◆ **Supplied data**
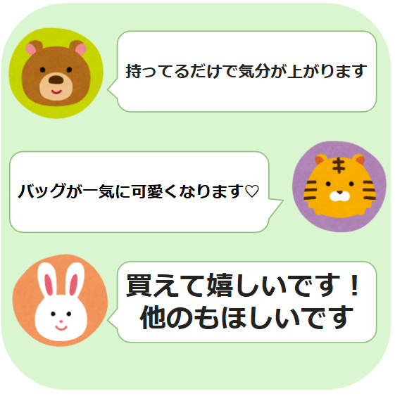 公式サイトの商品レビューには「持ってるだけで気分が上がります」「バッグが一気に可愛くなります♡」「買えて嬉しいです!他のもほしいです」など、高評価の声が寄せられていました。
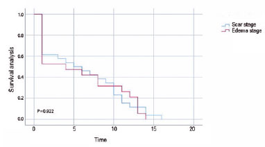 Excluding loss of follow-up and changes in visual acuity due to reasons unrelated to disease and surgery, the time from postoperative to LogMAR visual acuity ≤0.3 was measured. There were 45 patients, with 26 in the Scar Group and 19 in the Edema Group. According to the log-rank test, there was no statistically significant difference between the prognosis of patients at different stages (p=0.922). The Kaplan-Meier curve demonstrates that patients in the Scar and Edema Groups have significantly improved vision following corneal transplantation. LogMAR of all patients reached 0.3 within 20 months, and 50% of patients in the Scar and the Edema Groups reached this visual acuity at 5 and 4 months, respectively. This indicates that the visual acuity of the Edema Group improved faster than that of the Scar Group (Figure 2).
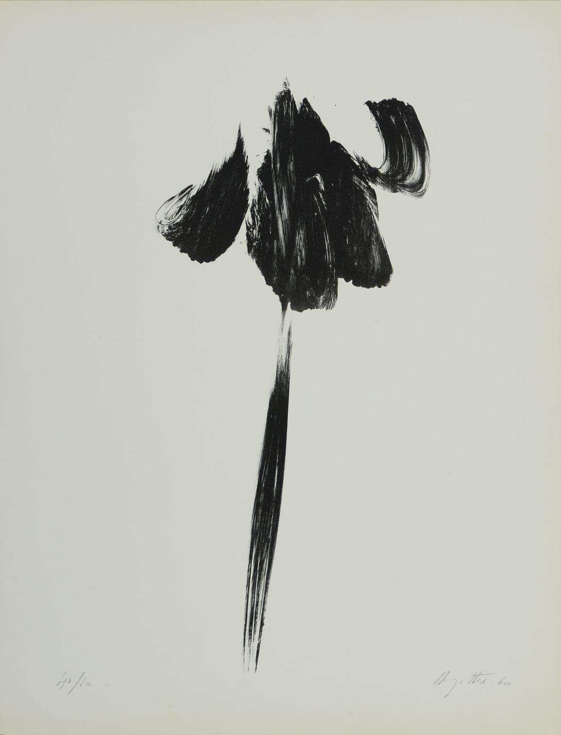Abstraction noire, lithographie, signée, datée 1960 et num 40/60, 75x55 cm
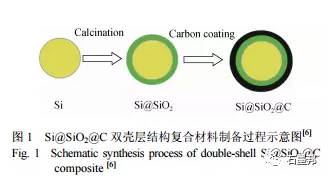 Tao等通过在硅纳米颗粒表面包覆SiO2和热解碳,制备出具有双壳层结构的复合材料(Si@SiO2@C),见图1。与单壳层Si@C相比,Si@SiO2@C具有更高的容量保持率,在0.01~5V电压范围内循环100次后仍具有785mA·h/g的可逆容量。

◆ **Action item**
Reproduce word for word the lines running from the line with "Excluding loss of" through the end of the data, both included, and nothing else; leave out the pictures.

◆ **Output below**
 Excluding loss of follow-up and changes in visual acuity due to reasons unrelated to disease and surgery, the time from postoperative to LogMAR visual acuity ≤0.3 was measured. There were 45 patients, with 26 in the Scar Group and 19 in the Edema Group. According to the log-rank test, there was no statistically significant difference between the prognosis of patients at different stages (p=0.922). The Kaplan-Meier curve demonstrates that patients in the Scar and Edema Groups have significantly improved vision following corneal transplantation. LogMAR of all patients reached 0.3 within 20 months, and 50% of patients in the Scar and the Edema Groups reached this visual acuity at 5 and 4 months, respectively. This indicates that the visual acuity of the Edema Group improved faster than that of the Scar Group (Figure 2).
Abstraction noire, lithographie, signée, datée 1960 et num 40/60, 75x55 cm
 Tao等通过在硅纳米颗粒表面包覆SiO2和热解碳,制备出具有双壳层结构的复合材料(Si@SiO2@C),见图1。与单壳层Si@C相比,Si@SiO2@C具有更高的容量保持率,在0.01~5V电压范围内循环100次后仍具有785mA·h/g的可逆容量。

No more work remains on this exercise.